If toilet paper is not a luxury, pads and tampons should not be either.

People have periods for around 38 years of their lives and no control over it. Feminine hygiene products like pads and tampons are a necessity, and yet 40 states tax them as luxury items, according to Upworthy.

A luxury tax is a tax placed on items that have been deemed nonessential or unnecessary. This seems ludicrous. Currently, Tennessee taxes pads and tampons as luxury items.

How could an item so crucial to the life of nearly every female in the world be considered a nonessential item, let alone a luxury? There is no one in the world who would say having a period is a luxury. It is messy, and do you know what the only way is to keep this fact of life from becoming a giant mess?
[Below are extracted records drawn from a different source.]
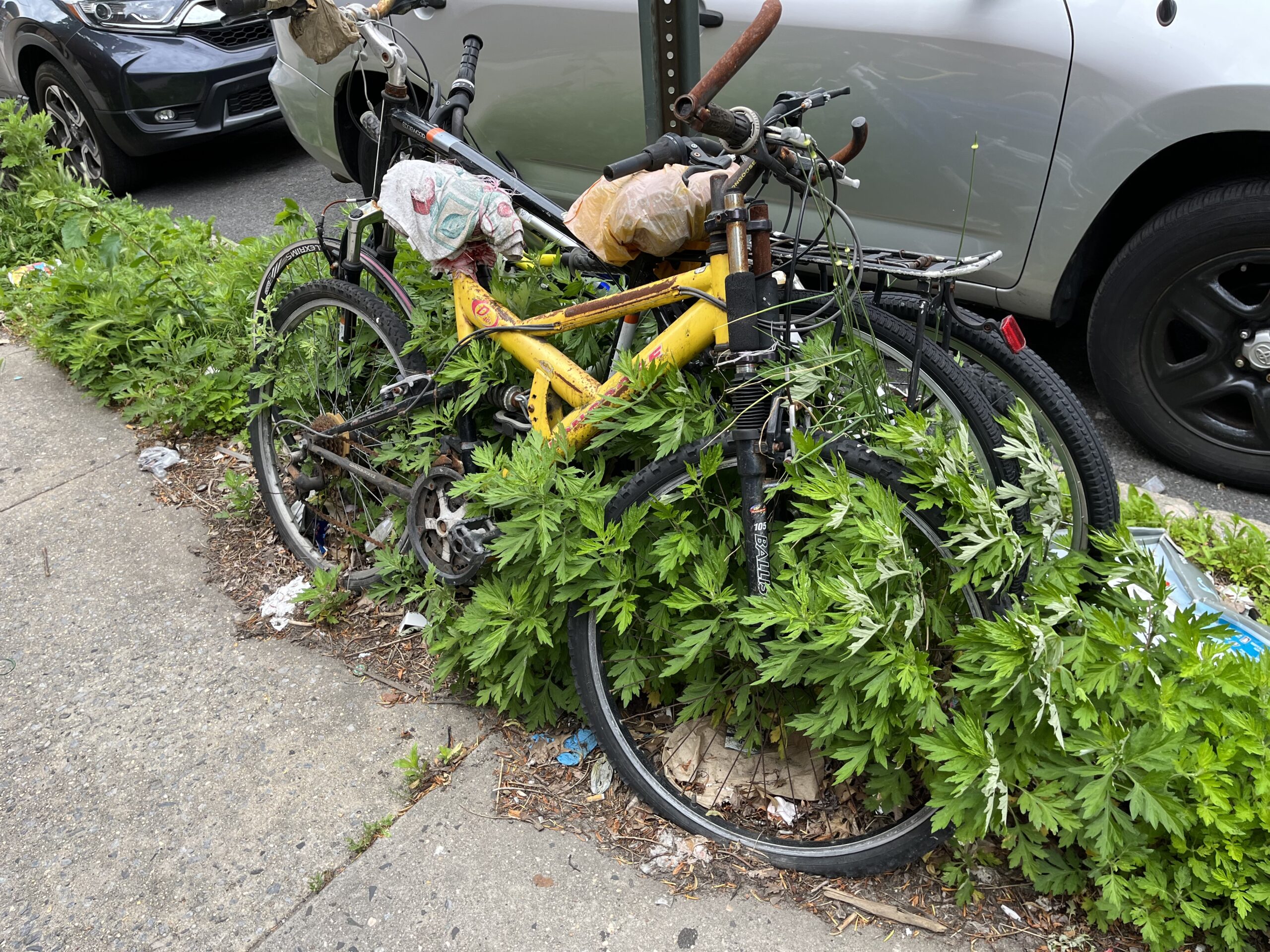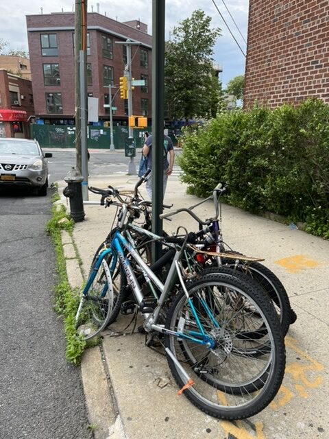 Update June 8, 2022. NYC311: 311-10581009 sent to DSNY. Next update within 14 days. Reported “(t)he Department of Sanitation investigated this complaint and found no condition at the location,” but bikes were removed at 6/8/2022 8:41 AM.
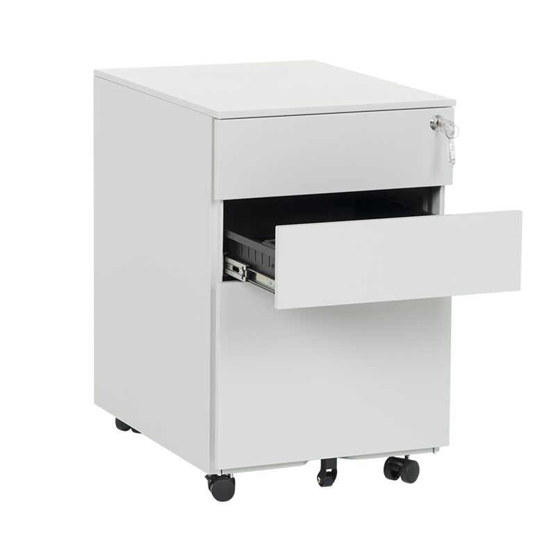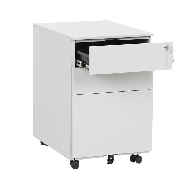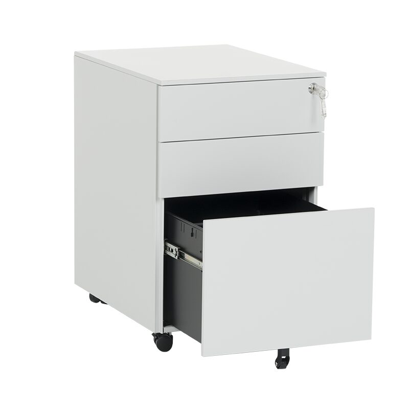 Практичният офис контейнер CR-1806 K е идеалното решение за организиране на вашите документи с неговите три чекмеджета и централно заключване. Изработен от висококачествен праховобоядисан метал, този контейнер предлага издръжливост и стил. Лесно подвижен благодарение на вградените колела, той пристига напълно сглобен, готов за употреба. Разгледайте “Допълнителна информация” за размери и детайли.
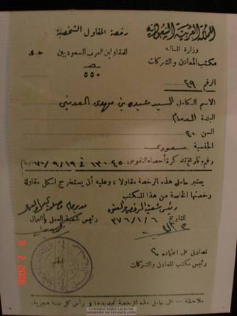 وتبين الصورة توقيع للعم عبد العزيز على رخصة المقاول الشخصية لمكتب المعادن والشركات التابع لوزارة المالية تعود لتاريخ 6-1-1376هـ جميع الحقوق محفوظة © ، أضغط هنا للإطلاع على إتفاقية إستخدام الموقع |
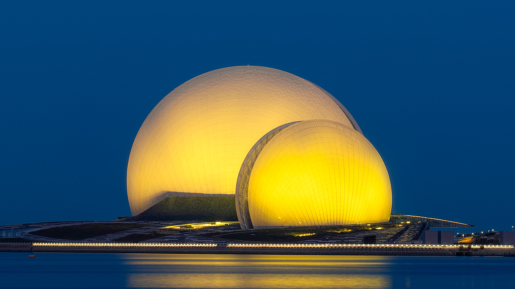 Rising out of the Yeli Island in the city of Zhuhai, south China's Guangdong Province, Zhuhai Grand Theater is the only opera house built on an island in the country. Designed in the shape of two shells, the city landmark covers a construction area of 59,000 square meters. Join CGTN for a virtual view of the landmark.
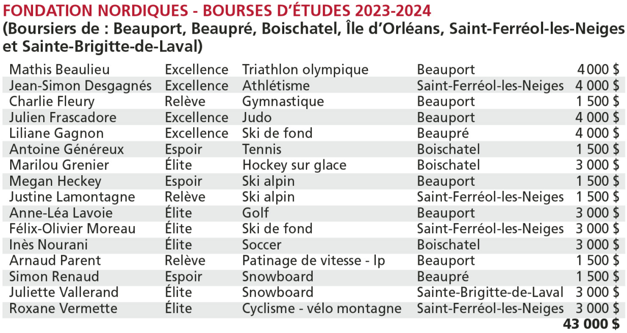 La distribution annuelle de bourses d’études de la Fondation Nordiques a fait plusieurs heureux sur le territoire du journal Ici L’Info où pas moins de 16 athlètes-étudiants se partageront 43 000 $ dans le cadre des programmes «Excellence, Élite, Relève et Espoir» parmi les 121 récipiendaires qui obtiendront plus de 297 500 $ en cette année des Jeux olympiques de Paris.
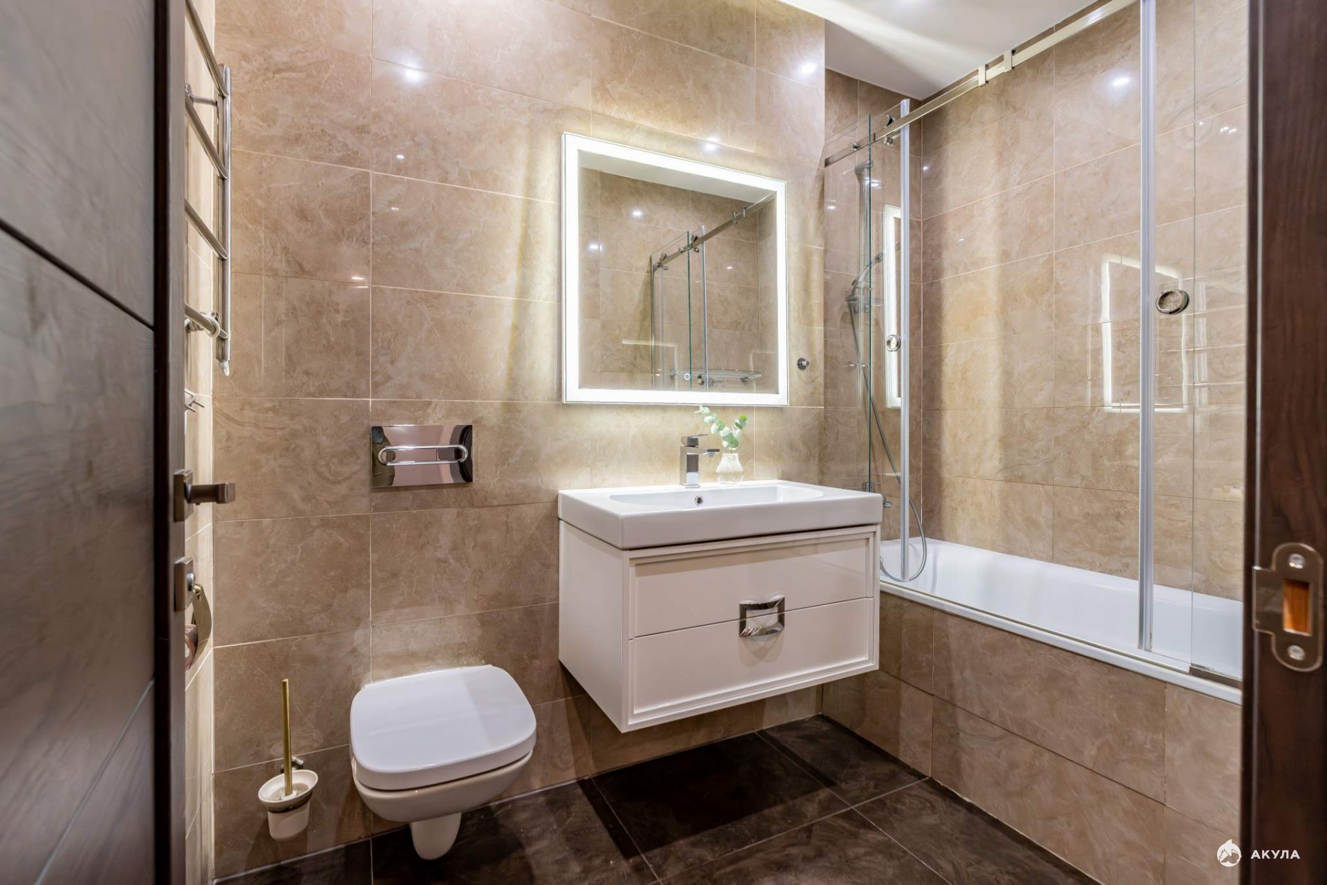 Кухня полностью оснащена: встроенный холодильник, варочная панель, вытяжка, духовой шкаф, микроволновая печь, продуманное освещение.

Pads and tampons.

If you walk into any public restroom, odds are the establishment has kindly provided you with toilet paper free of charge. Toilet paper is not considered a luxury but it has a near identical purpose to pads and tampons: cleanliness and hygiene. No one would want to sit in urine or feces just like no one would want to sit in menstrual fluid.

Student Health Services currently provides pads and tampons free of charge to students. This is a step, but more needs to be done.

Brown University in Providence, Rhode Island recently began distributing pads and tampons in every bathroom of their non-residential buildings in order to fight against the “tampon tax.” Those who began the project decided the time for unnecessary taxation on feminine hygiene products needed to come to an end, according to The Washington Post.

Those people took a giant step toward fixing this problem. People who have tried to get the taxes removed have been told the issue is not important. The tax should be considered important when a necessity like pads and tampons are taxed, but a more or less unessential item like condoms may not have been taxed, according to NPR.

This entire debate also brings into question gender bias. Gender bias is the preference of one gender over the other, which implies that in a world where both genders are supposed to be equal, favoritism is shown to the males of society rather than both males and females.

Pads and tampons are completely necessary. No one who menstruates can go without them, because every 21 to 35 days, the uterus sheds its lining and causes immense pain and bloodshed for two to seven days. The items should not be taxed. More schools and universities should follow in Brown University’s footsteps and offer free pads and tampons.

Most people have to constantly worry about whether or not they remembered to put a pad or tampon in their purse or backpack. Also, due to the luxury tax in Tennessee, a box of them can cost anywhere from $4 to $10.

How great would it be if any time someone at APSU had a period emergency, they could go to a bathroom on campus to find pads or tampons available? It would save the day and the clothes. Buildings like Sundquist, Harned and the Morgan University Center that are constantly busy would be great places to have stocked bathrooms. In fact, any building on campus would be beneficial to students if stocked.

Stocking up on pads and tampons would be extremely beneficial to students on campus and it makes sense for a campus with thousands of students to offer this.

If APSU provided free or fairly inexpensive pads in nonresidential buildings, it would save the students on campus money that could go toward food or books.

A pack of 24 rolls of toilet paper can cost only $6 and last for months, while a box of 20 pads costs just as much and may only last through one or two periods. Yes, pads are different; they are thicker and more absorbent, so it makes sense they would be a little more expensive than some other necessities, but the current prices are ridiculously high for something that does not last very long.

Most people will spend around $1,773 or more in their lifetime, about $60 a year, in order to pay for something that she cannot live in society without, according to Huffington Post. That is not even considering all kinds of other expenses, including birth control or new underwear, that can add up to around $18,000, according to Huffington Post. Something as essential as pads and tampons should not have an additional tax added to them and more people need to realize how ridiculous this tax is.